Directions:
Retype, word for word, each line between the lines holding "Kendernay online sajtótájékoztatója" and "Az LMP szerint", inclusive, and leave the rest of the data alone.

BEGIN Record extracts

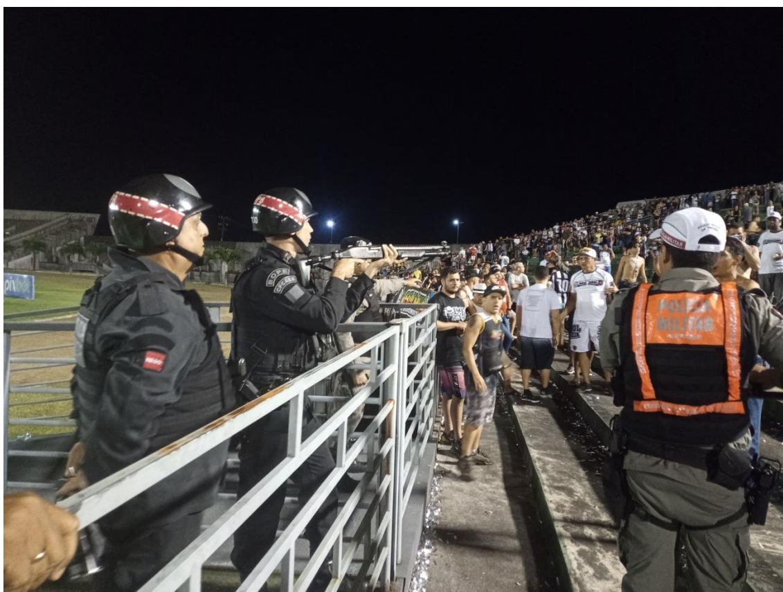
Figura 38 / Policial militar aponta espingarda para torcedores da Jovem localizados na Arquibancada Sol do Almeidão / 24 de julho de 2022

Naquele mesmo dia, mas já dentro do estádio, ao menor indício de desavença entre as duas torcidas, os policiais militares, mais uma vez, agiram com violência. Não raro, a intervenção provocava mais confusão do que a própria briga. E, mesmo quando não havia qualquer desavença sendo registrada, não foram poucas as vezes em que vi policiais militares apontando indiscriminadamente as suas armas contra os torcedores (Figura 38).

END Record extracts
BEGIN Record extracts

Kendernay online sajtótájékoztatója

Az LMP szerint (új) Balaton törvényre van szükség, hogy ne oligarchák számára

END Record extracts

Reply to the task:
Kendernay online sajtótájékoztatója

Az LMP szerint (új) Balaton törvényre van szükség, hogy ne oligarchák számára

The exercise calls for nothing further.